The designers have not forgotten to include a user guide at the bottom of the page for the rarest letters and associations – since the Russian alphabet has 33 and not 26, like ours. This is a bit like Japanese syllabics…something to take advantage of immediately!
Translit.net puts forward a phonetic writing system of the same kind, but it is much less intuitive, because the explanations are missing, as well as the table of conversion…
In any case, we advise you to use Google Translate after writing your text, for the sole purpose of correcting any typos or possible spelling mistakes. Russian can be difficult sometimes.
Setting up a Russian Cyrillic keyboard that doubles up as a QWERTY keyboard is an indispensable step when studying the Dostoyevsky and Tolstoy idiom.
This keyboard approach is therefore part of a wider learning enterprise: whether you are self-taught, using e-learning techniques, or using private Russian lessons, it is necessary that you know the basics of Russian before being able to use a virtual keyboard correctly.
If you have the basics down, using a Russian keyboard makes a whole lot of sense.
Learning a foreign language – and this also applies to German courses, Russian courses in NYC, Spanish classes, or learning French as a foreign language – means training regularly in order to progress.
Here are some tips from some of the lead TED translators on how to progress more quickly when learning a foreign language:
Practicing the language, whether it is with oral or written communication is imperative. If you are looking to search for correspondents – some that even have the same likes and dislikes as you- will be facilitated by your knowledge of the Cyrillic alphabet and your use of a Russian keyboard.
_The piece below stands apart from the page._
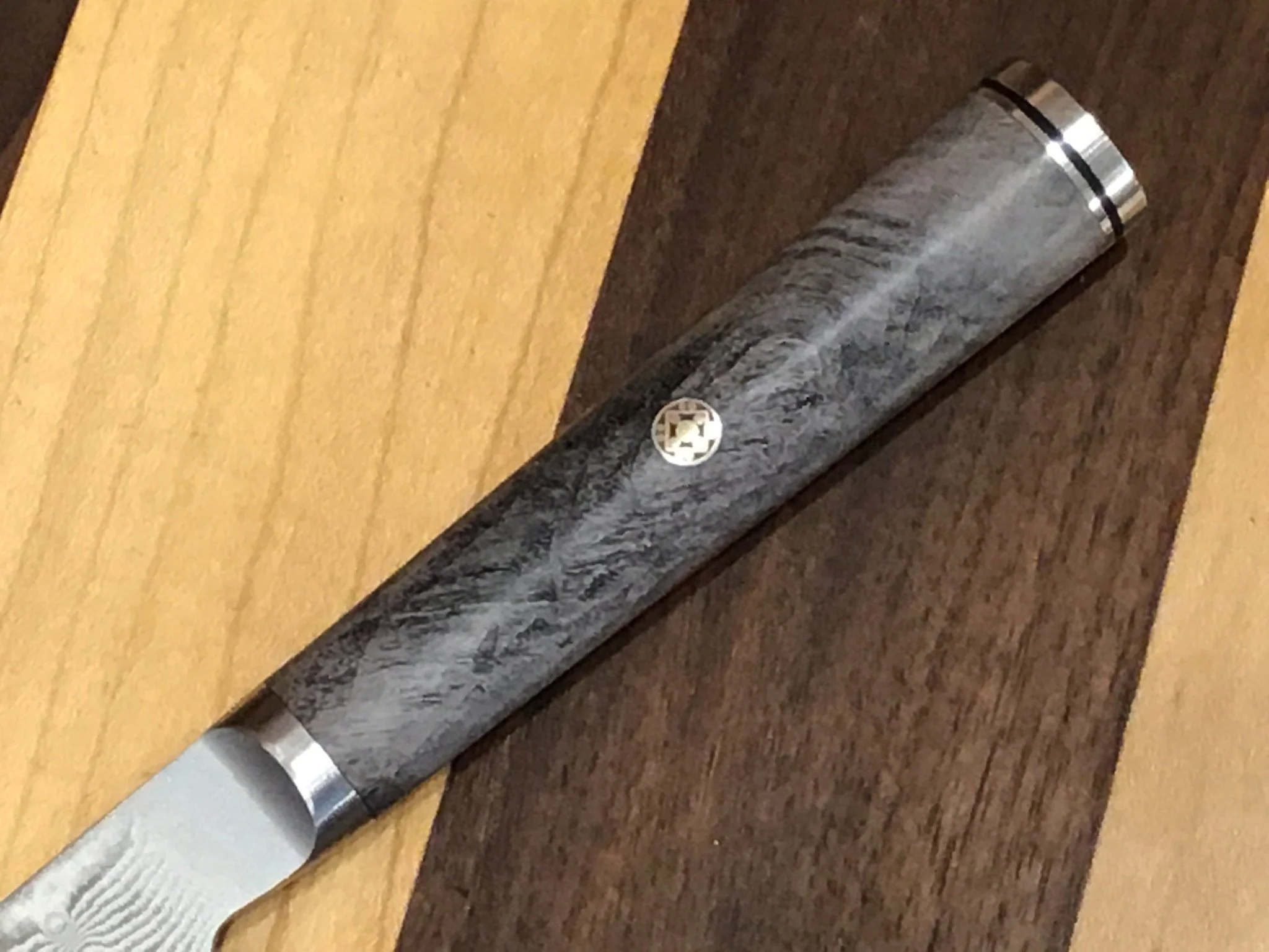 - Blade consists of 133 layers of steel, resulting in a floral damascus pattern
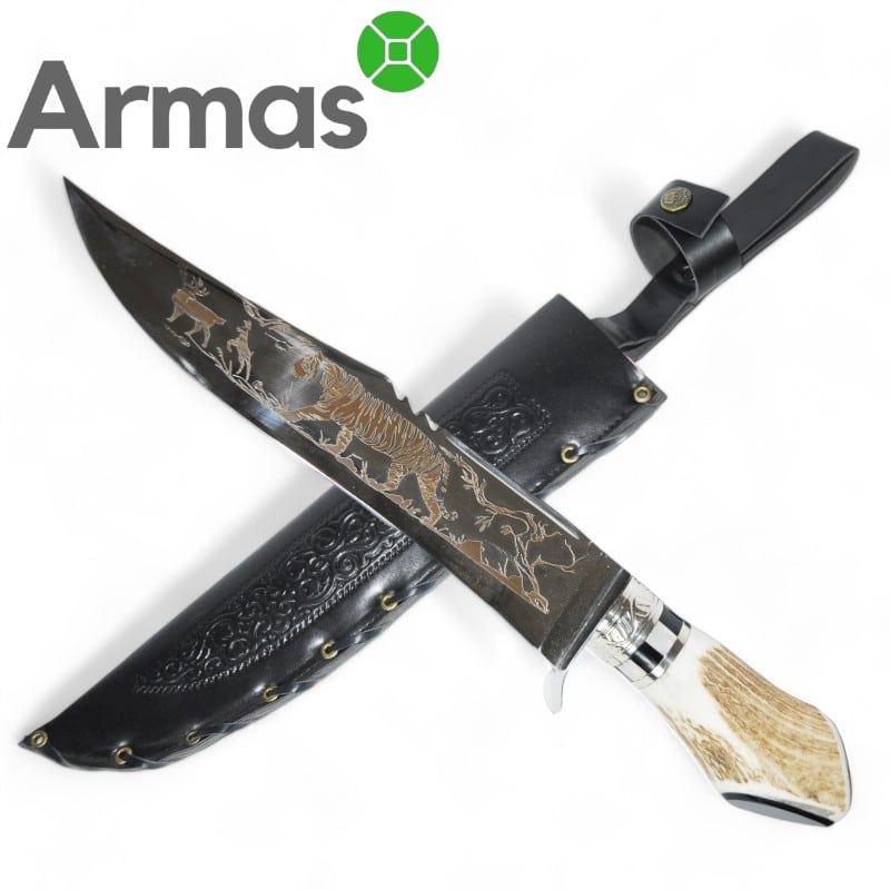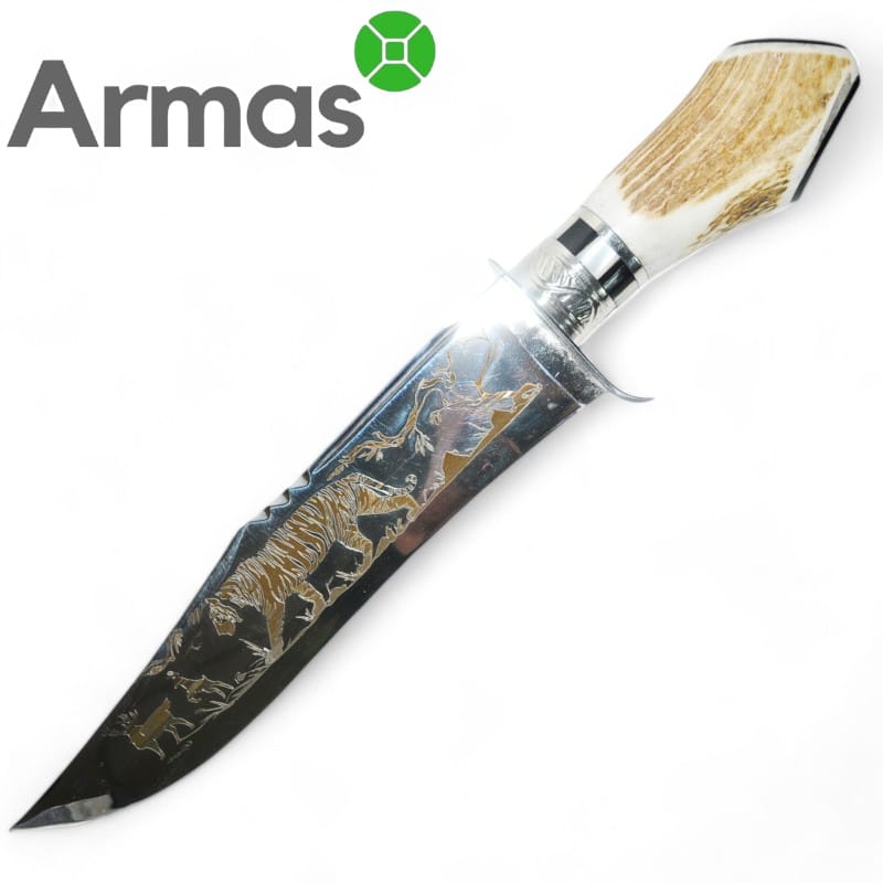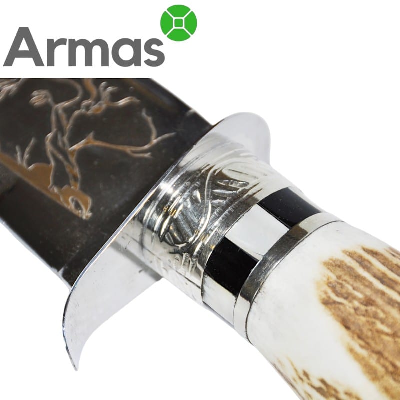 - Materiāls: nerūsējošais tērauds, briežu rags;

You will be able to post comments in Russian on YouTube and other social networks that are part of the Russian-speaking world. You will be able to take a look at forums used by natives and devoted to topics that are important to you and include your passions.
Using a Russian keyboard and learning the Cyrillic alphabet will also teach you Russian vocabulary and help you practice in translation, making your beginner Russian classes fun!